Modern Wisdom · The Art of Unstoppable Self-Belief - Joe Santagato - #1108 · June 8, 2026
Santiago Sold Out Madison Square Garden With Only Six Person Team
Modern Wisdom
Modern Wisdom
The Art of Unstoppable Self-Belief - Joe Santagato - #1108
"We turned up at MSG with 5 people. And they were like, oh, it's just you guys. Usually people show up with like a big team. We like to keep it super lean. I enjoy that. All this stuff that you see and everything that we've kind of accomplished have come from these people."

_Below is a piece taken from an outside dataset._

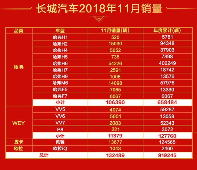 12月7日,長城汽車發(fā)布了11月產銷數據。在國內汽車市場整體遇冷的情況下,長城汽車繼“金九銀十”逆市增長后,繼續(xù)全面上漲。11月,長城汽車共銷售新車超13萬輛,達到13.25萬輛,環(huán)比增長20.35%,上漲勢頭銳不可當,創(chuàng)下今年單月銷量紀錄。今年1-11月,長城汽車累計銷售91.92萬輛,其中累計出口4.29萬輛,整體銷量突破百萬已毫無懸念。 哈弗H/F雙系齊發(fā)力 銷量破10萬大關 ![]() 今年11月,“SUV領導者”哈弗延續(xù)了9月開始的“純自主迎貿易戰(zhàn)哈弗神車降2萬”促銷活動,銷量增長勢能持續(xù)釋放,銷量突破10萬輛大關。據長城汽車11月產銷數據顯示,哈弗品牌11月銷量高達106390輛,環(huán)比增長25.23%。在繼“金九銀十”銷量暴漲后,繼續(xù)保持大幅上漲。 ![]() 11月,哈弗品牌H系、F系表現均堪稱完美,雙系車型齊發(fā)力,共同成為哈弗品牌增長的強大動力。其中,哈弗H6表現尤為突出,銷售54226輛,累計66個月保持SUV銷量第一。今年1-11月,哈弗H6已累計銷售超40萬輛,達到402249輛,無可爭議地繼續(xù)保持著“國民神車”的稱號。另外,在11月開幕的廣州車展上,全面升級智聯系統(tǒng)的全新哈弗H6冠軍版上市,以10.2萬元的價格在車市投下了“重磅炸彈”,讓哈弗H6之后的銷售勢頭持續(xù)看好。哈弗M6在11月也突破1.4萬輛,達到14098輛,環(huán)比增長14.85%,成為哈弗品牌又一大亮點。 ![]() 作為哈弗品牌的新車系,哈弗F系在11月表現驚艷。首款車型哈弗F5在上市首月銷量突破6千輛后,11月銷量更突破了7千輛,達7065輛,環(huán)比增長12.77%,成為哈弗品牌增長的強勁動力。11月6日上市的哈弗F系旗艦產品哈弗F7,上市三周銷量達6067輛,且終端訂單早早破萬仍在飛速增長。哈弗F5和哈弗F7擁有各自明確清晰的產品性格與消費群體:“運動時尚型SUV”哈弗F5定位潮流智能,年輕時尚,顏值高;F7定位極智鋒睿,擁有領先的智能科技,表達進取的年輕態(tài)度。11月,哈弗F5和哈弗F7聯手貢獻了超過1.3萬輛的銷量,未來,隨著F系家族的發(fā)展壯大,一個更加年輕、更加時尚、更加科技、更加強大的哈弗品牌已經呼之欲出。 ![]() 引領中國豪華品牌 WEY品牌穩(wěn)步向上 作為中國豪華SUV的領導者,WEY品牌一直致力于打造真正的中國豪華品牌,為中國的用戶帶來觸手可及的豪華。如今,WEY品牌已經創(chuàng)立2周年。2年來,WEY品牌贏得了20萬車主的信任,成為第一個銷量突破20萬輛的中國豪華品牌。今年1-11月,WEY品牌累計銷量突破12萬輛,達到12.78萬輛,位列15萬-20萬元市場區(qū)間三甲、中國豪華品牌第一名,打破了合資品牌對高端市場的壟斷,并把絕大多數合資品牌拋在身后。 ![]() 更重要的是,在短短的兩年時間里,WEY品牌將“豪華可以觸手可及”的概念深深地植入了消費者的內心,讓中國消費者了解到中國品牌在技術上的進步和領先。11月,WEY P8榮獲了“中國心”2018年度新能源汽車動力系統(tǒng)金獎,WEY品牌的領先技術再次受到行業(yè)認可;今年上市的WEY VV6全面搭載Collie2.0智慧安全系統(tǒng),將智能安全標準提升到前所未有的高度。同時,WEY VV6的銷量也證明了消費者對中國豪華品牌的認可。11月,WEY VV6銷量達5001輛,環(huán)比增長24.5%。與VV7、VV5和P8一起,共同成為WEY品牌向上突破的中堅力量。 ![]() 長城皮卡開啟互聯時代 歐拉ORA初露鋒芒 11月,作為國內皮卡市場“霸主”,長城皮卡繼續(xù)引領市場,共銷售13677輛,環(huán)比增長4.71%。今年1-11月,長城皮卡銷售超12萬輛,達到124565輛。 ![]() 目前,長城皮卡在國內市場已連續(xù)20年銷量第一,在全球100多個國家已累計銷售150萬輛。不僅是銷量領先,在技術上,長城皮卡也正在引領行業(yè)。11月22日,新一代互聯網皮卡風駿7在云南上市,開啟了中國皮卡的互聯時代。作為長城皮卡新戰(zhàn)略及3年“5+N”產品布局的首款車型,風駿7在造型設計、動力、安全,尤其是智能網聯技術的應用上達到全面領先,成為新一代互聯網皮卡標桿。作為長城22年專業(yè)皮卡制造經驗的大成之作,風駿7打破了現有中高端皮卡市場的格局,為中國皮卡開辟了一個嶄新的時代。 ![]() 此外,長城汽車獨立新能源品牌歐拉ORA也在不斷迭代升級,并開始初露鋒芒。首款車型歐拉iQ上市后,產品訂單數量快速上漲。11月,歐拉iQ交付量首次突破千輛,達到1043輛。在2018廣州車展上,歐拉iQ高續(xù)航版上市,車輛的續(xù)航能力從現款車型的360km提升到401km,更好地緩解了消費者的里程焦慮。11月1日,歐拉品牌第二款車型R1也正式開啟預售,首批限量777輛僅用273秒便搶購一空。 ![]() 與國內大多數純電動汽車不同的是,歐拉ORA全系車型采用的ME平臺并非是在燃油車平臺上改造而來,而是長城汽車正向研發(fā)打造的國內首個純電動專屬平臺,在顏值、空間、智能、安全和品質五大方面均具有明顯優(yōu)勢。未來,在ME平臺上打造的歐拉iQ和歐拉R1將共同成為歐拉ORA品牌面向新能源汽車市場的主力,為消費者提供充滿樂趣的用車體驗。 “百萬長城”突破車市寒冬 引領自主品牌集體向上 受國內經濟整體下行壓力影響,今年的車市低迷已是有目共睹。尤其進入9月以來,“金九銀十”這個傳統(tǒng)銷售旺季并沒有如行業(yè)期盼那樣讓車市止跌。但長城汽車的表現卻給整個汽車市場帶來希望。 ![]() 自今年9月以來,作為自主品牌領軍者的長城汽車表現愈戰(zhàn)愈勇。9月-11月,長城汽車銷量每月一個

The Basement Yard sold out Madison Square Garden with a skeleton crew of six people handling production, logistics, creative, and execution—shocking venue staff accustomed to large touring operations. Santiago explained this lean approach is intentional, allowing him to maintain creative control, keep overhead low, and ensure that everyone involved shares ownership of wins and failures. The minimalist model has remained unchanged through two years of sold-out national touring.

About this episode

In this wide-ranging conversation, Chris Williamson sits down with Joe Santiago, co-host of The Basement Yard podcast and one of the fastest-rising creators in digital media, who recently sold out Madison Square Garden with a rabidly loyal fanbase. Santiago opens up about dropping out of community college in 2011 without a plan, driven only by an internal conviction he couldn't ignore, and how that leap into ambiguity became the template for his entire career. The discussion centers on Santiago's philosophy of "authenticity as competitive advantage," his refusal to compromise creative integrity even when offered six-figure brand deals, and his belief that passion without direction is more valuable than overthought strategy. Santiago reveals he operates with a team of just six people, turning down industry help to maintain control and intimacy, and credits his success to an obsessive commitment to being himself rather than chasing trends. He discusses the fear and imposter syndrome that shadow every major milestone, the importance of surrounding himself with people willing to challenge him, and why he believes failure is not only inevitable but necessary for growth. The conversation also explores Santiago's views on work-life balance, the dangers of tying identity to career, and why he'd rather be a bartender in a slow pub than a Wall Street banker with $250 million. Williamson and Santiago bond over shared struggles with focus, the terror of being alone after 7 PM without a girlfriend, and the alchemy of turning failure into fuel. Santiago's message throughout is bracingly simple: know yourself, believe in yourself, get out of your own way, and be willing to lose.